図書館論「図書館を語る~未来につなぐメッセージ」
山崎博樹 編著 青弓社 2021年発行
公共図書館は本の貸し借りだけの仕事をするところと思われている。
公共図書館には、諸外国や日本の古典的な文献はじめ、文学書、実用書、芸術関係図書などは、どこの図書館でも、数万冊以上揃えられている。しかし、その図書館に、国や県、市役所の各種統計、政策要綱、通達や報告書などの資料が沢山眠っていることは、あまり認識されていない。
今、少子化、高齢化、町おこし、地域おこしなどが課題になっているが、それらの課題解決に図書館の資料が活用されているだろうか?
図書館職員がそれらの課題解決の資料を提供するレファレンスの能力(注参照)を備えているだろうか?本書は、それらの疑問を投げかけ、今後の公共図書館の在り方を提案している。
(注)レファレンス 図書館利用者が学習、研究、調査を目的として必要な情報、資料などを求めた際に、必要とされる情報、資料を検索、提供してサポートする業務
今はレファレンス・サービスという言葉も市民に知られていない。
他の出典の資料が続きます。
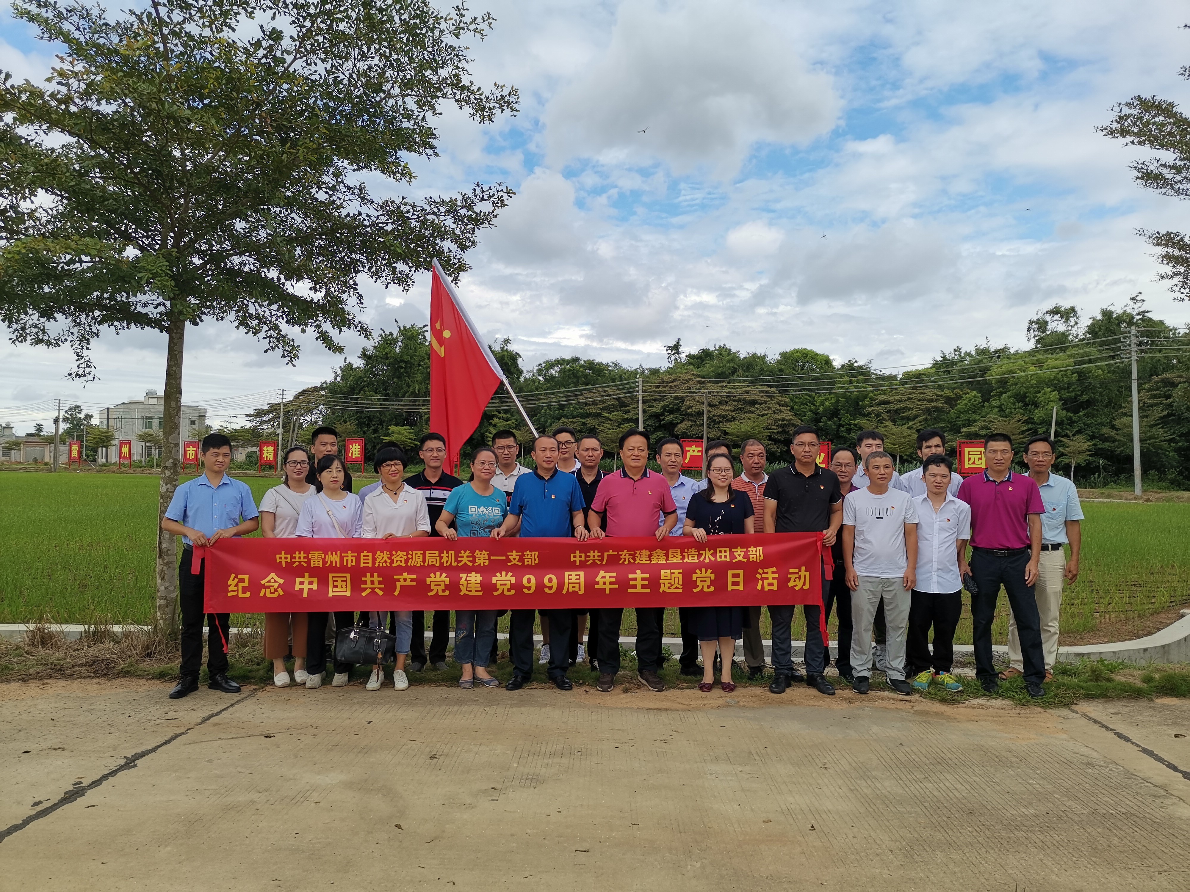 为庆祝中国共产党建党99周年,进一步推进中共雷州市自然资源局机关第一支部的党建工作,受中共广东建鑫垦造水田党支部的邀请,中共雷州市自然资源局机关第一支部于2020年8月14日,与中共广东建鑫垦造水田党支部共同开展党建活动。参加本次建党工作交流会的有:中共雷州市自然资源局机关第一党支部书记、副局长陈光及蔡景端副局长、谭宏宇副局长、中共广东建鑫垦造水田党支部书记廖秋华、广东建鑫公司党委委员庄兴等26人。
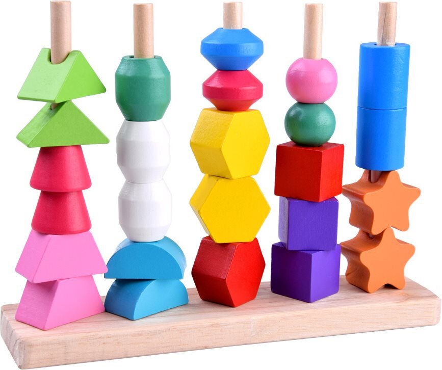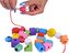 dítě si může hrát dvěma způsoby - nasazováním kostek na kolíky podle přiložených karet nebo navlékáním na provázek,
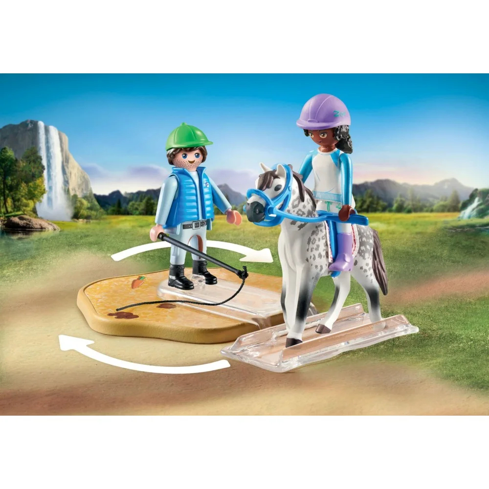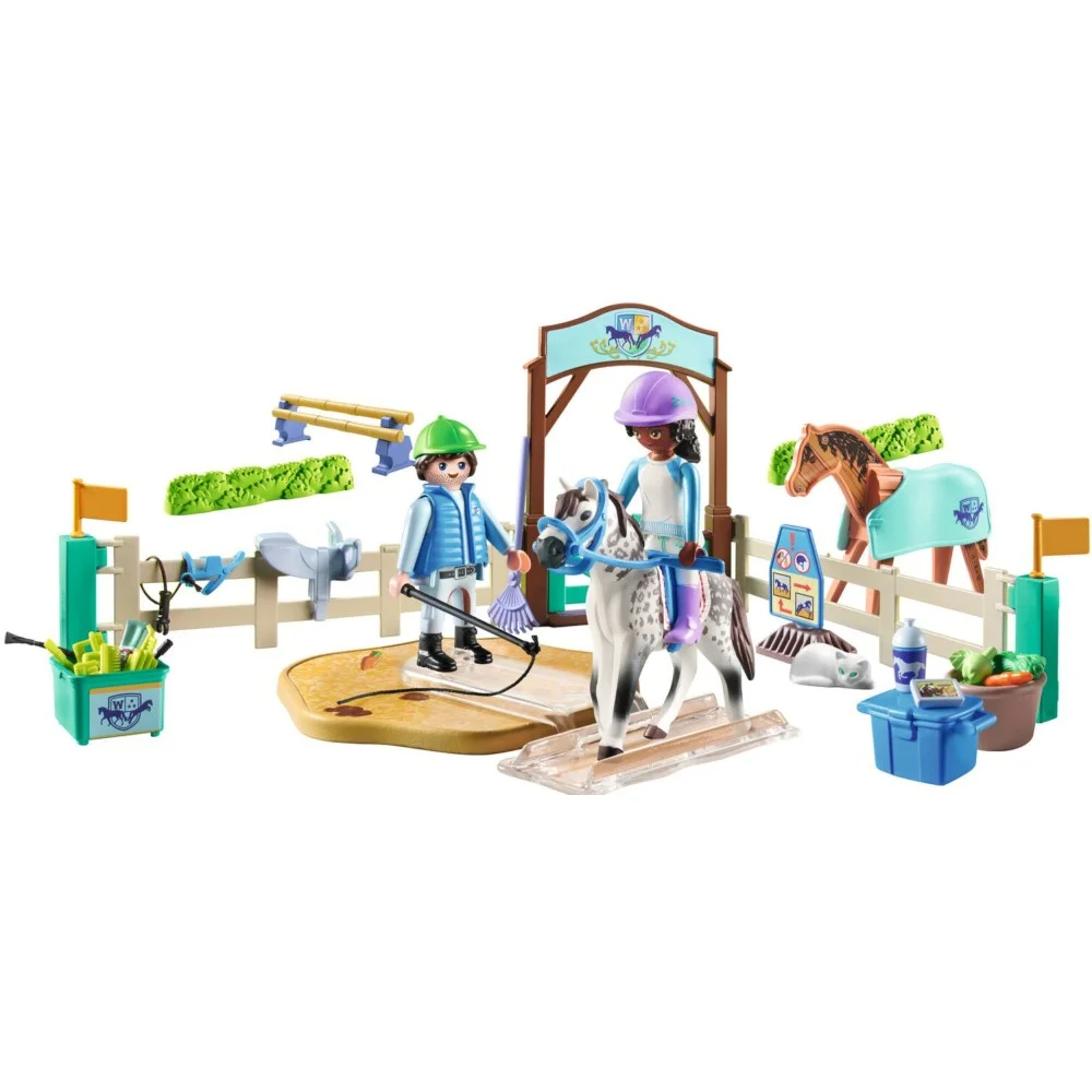 Przygotuj się na jeszcze więcej ciekawych przygód jeździeckich na Ranczu Waterfall z Nowoczesną areną jeździecką PLAYMOBIL! Na arenie jeździeckiej w Waterfall możesz nauczyć się wszystkiego o prawidłowej pielęgnacji koni oraz różnych technikach jazdy! Instruktor jazdy konnej Owen znajduje się na płycie z lonżownikiem, a koń na przezroczystej szynie, aby odbyć prawdziwy trening! Zoe dowiaduje się, że lonżowanie sprzyja koncentracji konia i wzmacnia więź między nim a jeźdźcem. Do ćwiczeń wykorzystywana może być drewniana figurka konia, a dzięki bogatemu wyposażeniu można nauczyć się różnych technik jeździeckich. Koń Zoe - Blaze również musi być odpowiednio pielęgnowany i karmiony. Lekcje na arenie jeździeckiej Waterfall nigdy nie są nudne!

まず、利用者とのコミュニケーションをきちっととることのでき、その中で出てくる疑問や課題について的確に対応できる図書館職員を多く育てていくことが重要である。
回答を教えるのではなく、調査する方法を教えることがレファレンスであり、そのことで利用者が、他のことも、みずから調べる能力が身に付き、図書館としても、課題解決支援につながる。
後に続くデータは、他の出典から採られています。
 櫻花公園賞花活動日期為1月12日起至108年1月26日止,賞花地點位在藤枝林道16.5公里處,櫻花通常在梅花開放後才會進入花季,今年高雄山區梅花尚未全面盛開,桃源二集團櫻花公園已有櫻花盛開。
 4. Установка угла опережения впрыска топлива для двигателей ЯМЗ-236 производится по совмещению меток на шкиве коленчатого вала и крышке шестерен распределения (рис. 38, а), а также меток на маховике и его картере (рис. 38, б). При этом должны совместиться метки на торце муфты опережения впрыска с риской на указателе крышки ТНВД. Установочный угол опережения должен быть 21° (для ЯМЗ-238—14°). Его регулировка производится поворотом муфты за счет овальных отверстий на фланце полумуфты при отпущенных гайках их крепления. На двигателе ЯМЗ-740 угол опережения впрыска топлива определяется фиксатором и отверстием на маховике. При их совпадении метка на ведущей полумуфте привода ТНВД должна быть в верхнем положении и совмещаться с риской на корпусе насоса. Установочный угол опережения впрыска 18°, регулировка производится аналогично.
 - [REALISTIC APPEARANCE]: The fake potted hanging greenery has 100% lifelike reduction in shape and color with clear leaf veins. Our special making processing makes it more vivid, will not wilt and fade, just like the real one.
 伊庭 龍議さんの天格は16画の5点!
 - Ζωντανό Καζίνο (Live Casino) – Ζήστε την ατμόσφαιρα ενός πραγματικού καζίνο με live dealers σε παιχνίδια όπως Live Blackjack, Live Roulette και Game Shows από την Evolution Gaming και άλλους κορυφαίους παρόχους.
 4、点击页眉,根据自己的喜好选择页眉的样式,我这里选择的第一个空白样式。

今図書館が置かれている状況では、ICT(Information and Communication Technology 情報通信技術)にどう対応していくことができるかが問われている。
図書館が、本の貸し借りに留まるかぎりでは、電子書籍が普及していった場合、図書館の役割は見えなくなる。各家庭に電子端末が普及した時、紙の本を読みたいので図書館が必要ですという利用者がいるだろうか。
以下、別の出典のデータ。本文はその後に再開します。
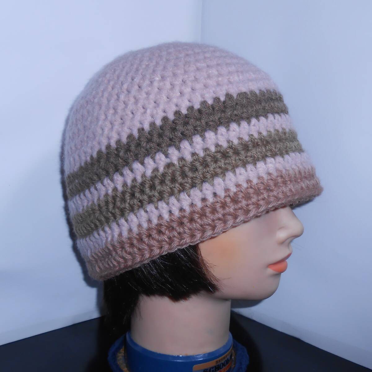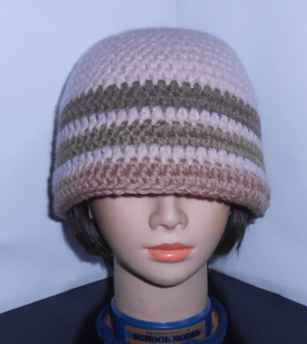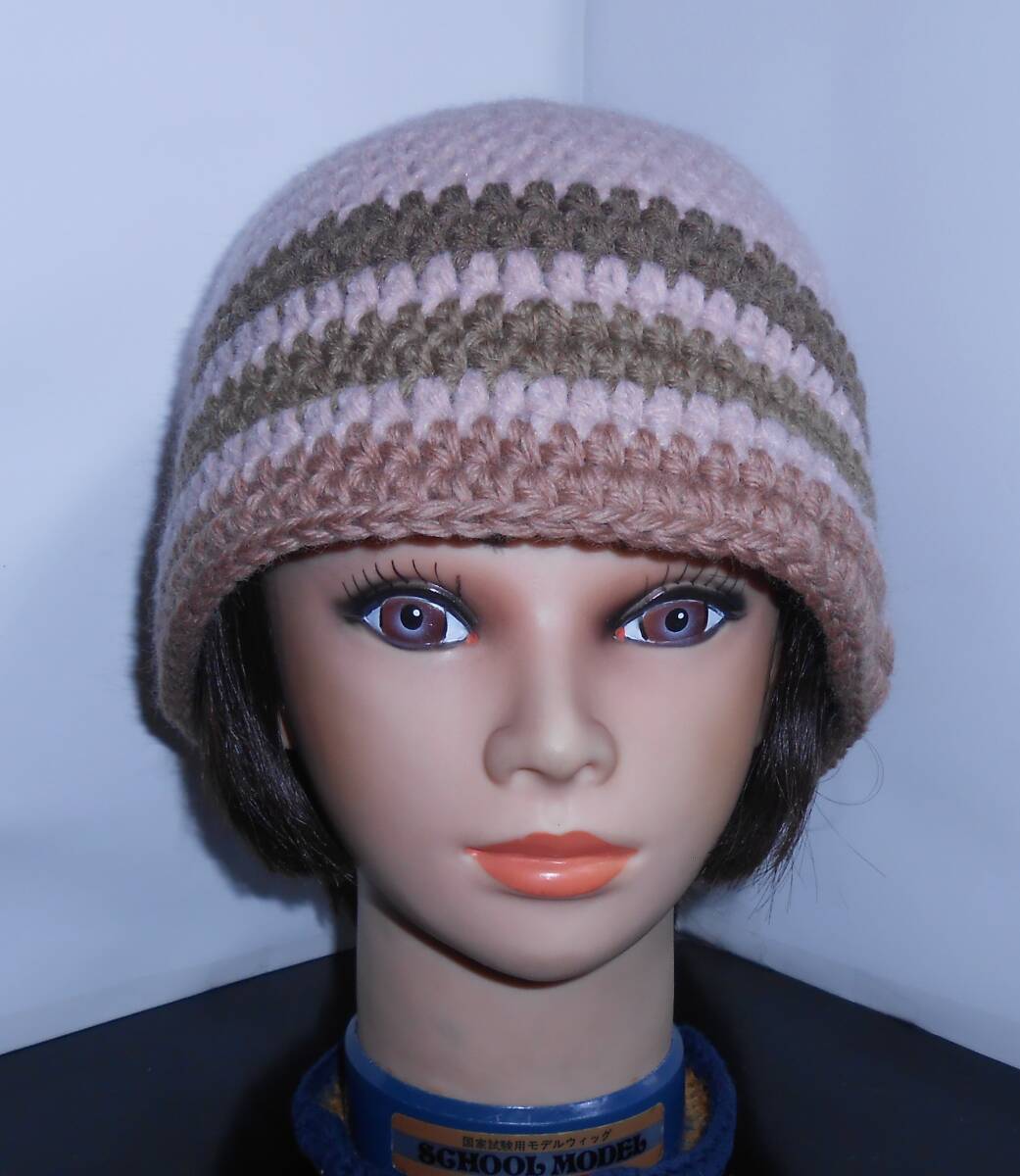 *柔らかく肌触りがとても良い毛糸 *サイズ・・・頭囲約59㎝ ・高さ約21,5㎝ ・つば先のまわり約65㎝ <モデル頭囲約56㎝>

図書館は、全国の図書館のもつビッグデータをも活用して、最先端の情報を加工し、課題解決を求める利用者に届ける能力が必要とされる。とりわけ地方の公共図書館は、その地域固有の課題に応えることを求められる。地方の公共図書館には、その地方固有の資料情報が保有保存されている。
全国的には、学校図書館の問題は、校長始め教師がどれだけ学校図書館を利用しようとしているか、教育委員会が、学校図書館をどのように位置づけているかが問われている。
地方自治体によっては、学校司書の学校兼務が増えてきている。
学校図書室と公共図書館との連携も、図書の貸出に終わっている。
学校内では、教員資格を持つ司書教諭は図書業務に時間が避けず、学校司書は教職員会議での発言力が弱いなど、学校図書館の役割が十分はたせているとは言い難い。
このように、厳しい指摘がなされているが、本市では、各学校の図書司書は、市立図書館から派遣されており、市立図書館と各学校図書館との連携にも、力をいれている。